Какое-то время постоял в темноте, окруженный резким запахом крови.
Когда его глаза вновь привыкли к темноте, он вышел в коридор, не потрудившись закрыть за собой дверь в комнату девочки. Вошел в комнату напротив. Обнаружил, что там никого нет.
Зато в комнате рядом с ней Конфетка унюхал запах пота и услышал храп. Тут спал юноша, лет семнадцати или восемнадцати, не здоровяк, но и не хлюпик, так что он оказал более активное сопротивление, чем его сестра.
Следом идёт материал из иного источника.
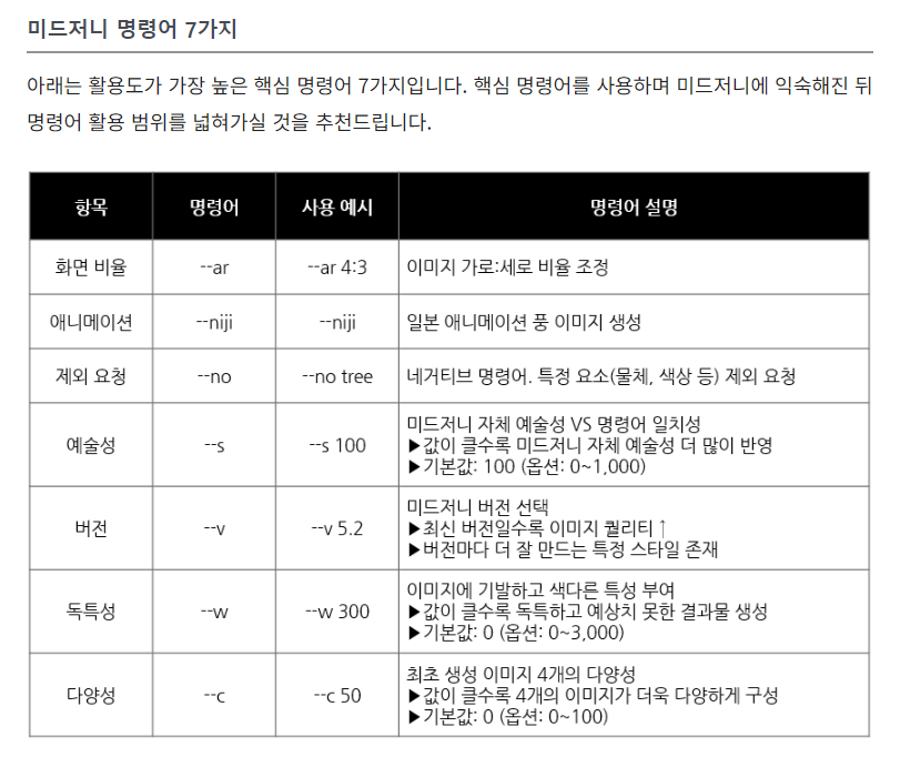 ☆ 미드저니의 명령어 ☆

Однако спал он на животе, и, когда Конфетка скинул с него одеяло и упал на него, лицо юноши уткнулось в подушку, поэтому крикнуть он не сумел. Борьба была яростной, но короткой. Юноша отключился от недостатка кислорода, и Конфетка перекатил его на спину. И прежде чем вонзиться зубами в шею, издал победный гортанный крик, куда более громкий, чем все звуки, которые издавал юноша.
Позже, когда он открыл дверь в четвертую спальню, восточный горизонт уже посветлел: приближалась заря. Темные тени по-прежнему окутывали углы, но по центру спальни темнота поубавилась. Слабый свет обесцветил все предметы, придав им те или другие оттенки серого.
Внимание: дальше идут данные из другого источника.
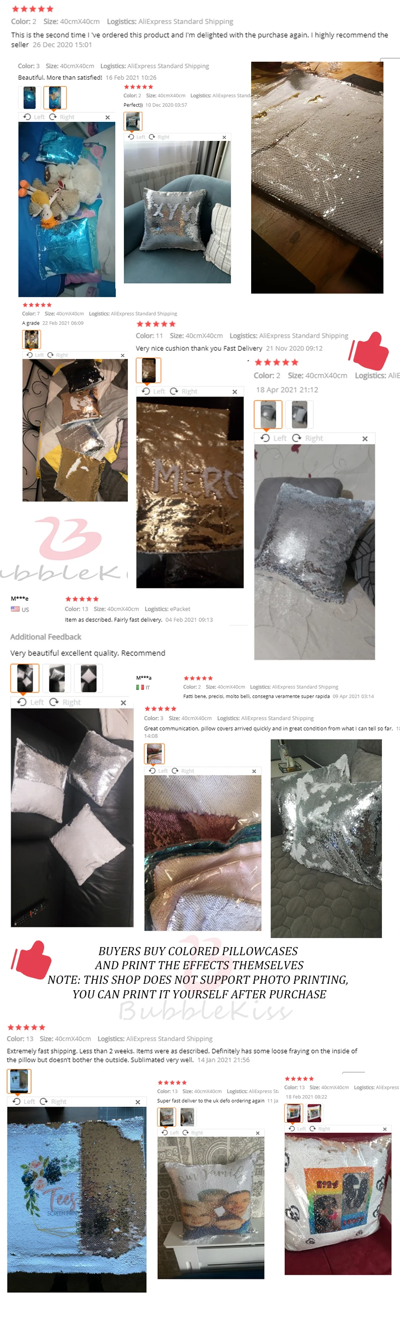 【Name】Sequin Cushion Cover [product]: two-color sequin pillow [Size]: 40*40CM, the weight is about 130G [Description]: Two-color sequin pillow, you can write freely, draw! 【Note】 (1)Please allow a little deviation in terms of color or size, thank you for your understanding! (2) Not including Filling , containing only the cushions cover. (3) Machine wash, warm 40 C. Do not bleach. Do not tumble dry. (4) Perfect for living room, bedroom, dining room, children's playroom, children's bedroom,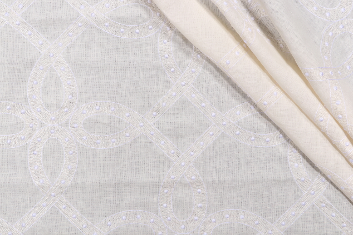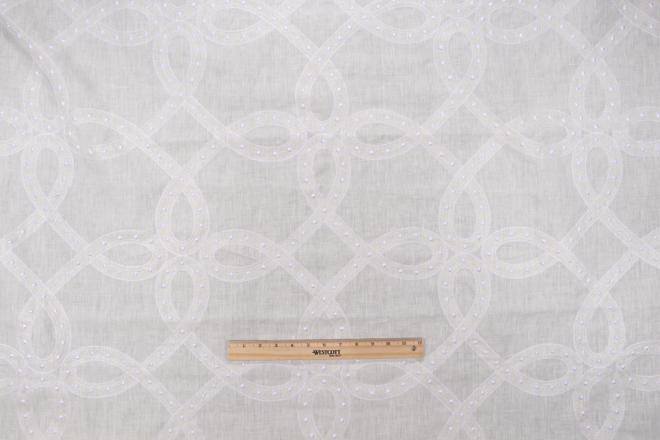 Thibaut Salina Ribbon AW1376 Sheer Embroidered Drapery Fabric in White is a remnant. Fabric remnants refer to leftover pieces of fabric from production runs at manufacturing sites or pieces that remain from by the yard stock. The lengths of these remnants can vary from a few inches to several yards and are typically sold at a reduced price, since they represent remaining inventory.

Симпатичная, лет под сорок, блондинка спала на половине двуспальной кровати. Одеяло и простыни на другой половине лежали нетронутыми, из чего Конфетка сделал вывод, что муж блондинки или ушел от нее, или куда-то уехал по делам и не ночевал дома. Он заметил на столике у кровати стакан с водой и пластиковый лекарственный пузырек. Взяв пузырек, Конфетка увидел, что он на три четверти наполнен маленькими таблетками. Согласно названию препарата, написанному на этикетке, снотворным. На этикетке значились имя и фамилия женщины: Розанна Лофтон.
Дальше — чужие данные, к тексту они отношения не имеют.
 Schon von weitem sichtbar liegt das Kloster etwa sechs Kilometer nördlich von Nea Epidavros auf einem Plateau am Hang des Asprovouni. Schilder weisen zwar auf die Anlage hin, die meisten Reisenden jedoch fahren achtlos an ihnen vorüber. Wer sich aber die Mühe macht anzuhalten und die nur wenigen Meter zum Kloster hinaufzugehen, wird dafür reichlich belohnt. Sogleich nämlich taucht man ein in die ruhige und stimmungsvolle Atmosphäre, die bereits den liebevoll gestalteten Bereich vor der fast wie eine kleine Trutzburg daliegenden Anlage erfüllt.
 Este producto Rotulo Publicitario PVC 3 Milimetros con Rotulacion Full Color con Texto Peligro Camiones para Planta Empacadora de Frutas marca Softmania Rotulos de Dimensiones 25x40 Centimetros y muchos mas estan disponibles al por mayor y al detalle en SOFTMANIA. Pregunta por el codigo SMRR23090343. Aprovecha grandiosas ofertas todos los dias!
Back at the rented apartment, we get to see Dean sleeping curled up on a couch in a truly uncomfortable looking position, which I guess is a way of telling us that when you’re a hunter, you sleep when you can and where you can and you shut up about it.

Конфетка постоял у кровати, глядя сверху вниз на ее лицо, ему вдруг отчаянно захотелось ощутить материнскую ласку. Жажда крови никуда не ушла, но ему не хотелось набрасываться на женщину, не хотелось разрывать ей шею и в несколько минут выпить всю кровь. На этот раз он бы предпочел обойтись без спешки.
Ему хотелось сосать кровь этой женщины, как он сосал кровь матери, когда та даровала ему такую милость. Иногда, если он попадал к ней в любимчики, она делала неглубокий надрез на ладони или протыкала палец, а потом позволяла прижаться к себе: он сосал ее кровь час или дольше. В этот период он испытывал ни с чем не сравнимую умиротворенность, такое блаженство, что весь мир и вся боль уходили, теряли реальность, потому что кровь матери отличалась от любой другой, была чистой, как слезы святого. Через такие маленькие ранки он мог выпить совсем ничего, унцию или две, но эти капельки насыщали его куда больше, чем галлоны крови, которые он выпивал у десятков других людей. У женщины, лежавшей перед ним, по артериям и венам не текла, разумеется, такая амброзия. Но если бы он пососал ее с закрытыми глазами, вспоминая те дни, когда мать была жива, то смог бы испытать хотя бы отдаленное подобие счастья, которое переполняло его в такие моменты.
Наконец, не срывая с женщины одеяло, Конфетка осторожно улегся на кровать и вытянулся рядом с ней, наблюдая, как ее отяжелевшие от снотворного веки шевельнулись, потом разошлись, открывая глаза. Она моргнула, уставившись на него, устроившегося рядом, на мгновение подумала, что это всего лишь сон, потому что на расслабившемся от сна лице не отразилось ни удивления, ни испуга.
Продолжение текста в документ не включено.